● Material for the task:
•••••

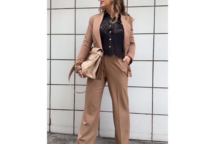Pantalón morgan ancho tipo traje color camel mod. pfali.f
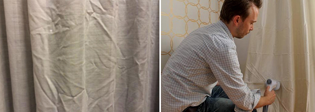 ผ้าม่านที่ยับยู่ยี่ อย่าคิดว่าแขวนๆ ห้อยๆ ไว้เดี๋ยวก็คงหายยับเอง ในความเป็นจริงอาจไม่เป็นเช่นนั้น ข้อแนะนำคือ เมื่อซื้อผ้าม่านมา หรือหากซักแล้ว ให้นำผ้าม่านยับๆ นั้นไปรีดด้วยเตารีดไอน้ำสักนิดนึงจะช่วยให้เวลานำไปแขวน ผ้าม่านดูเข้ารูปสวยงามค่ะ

•••••

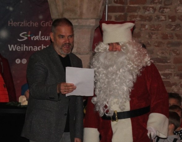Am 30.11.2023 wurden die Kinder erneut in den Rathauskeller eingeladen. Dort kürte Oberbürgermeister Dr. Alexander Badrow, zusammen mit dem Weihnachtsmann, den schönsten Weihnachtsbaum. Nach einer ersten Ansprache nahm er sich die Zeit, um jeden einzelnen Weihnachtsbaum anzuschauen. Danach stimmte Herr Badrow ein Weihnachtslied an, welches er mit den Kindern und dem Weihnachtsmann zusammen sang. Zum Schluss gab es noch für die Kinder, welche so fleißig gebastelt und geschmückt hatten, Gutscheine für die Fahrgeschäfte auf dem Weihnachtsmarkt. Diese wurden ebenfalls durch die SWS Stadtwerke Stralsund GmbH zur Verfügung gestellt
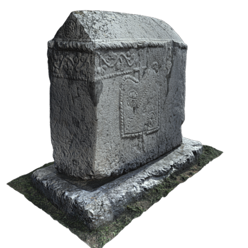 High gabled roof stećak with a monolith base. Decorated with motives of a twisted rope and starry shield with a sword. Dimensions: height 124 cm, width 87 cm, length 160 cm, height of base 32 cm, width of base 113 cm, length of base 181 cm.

•••••

● Task description: Extract from the material above the stretch running from the line containing "Pantalón morgan ancho" through the line containing "ผ้าม่านที่ยับยู่ยี่ อย่าคิดว่าแขวนๆ ห้อยๆ". Keep the text exact and the pictures out.

● Answer space:
Pantalón morgan ancho tipo traje color camel mod. pfali.f
 ผ้าม่านที่ยับยู่ยี่ อย่าคิดว่าแขวนๆ ห้อยๆ ไว้เดี๋ยวก็คงหายยับเอง ในความเป็นจริงอาจไม่เป็นเช่นนั้น ข้อแนะนำคือ เมื่อซื้อผ้าม่านมา หรือหากซักแล้ว ให้นำผ้าม่านยับๆ นั้นไปรีดด้วยเตารีดไอน้ำสักนิดนึงจะช่วยให้เวลานำไปแขวน ผ้าม่านดูเข้ารูปสวยงามค่ะ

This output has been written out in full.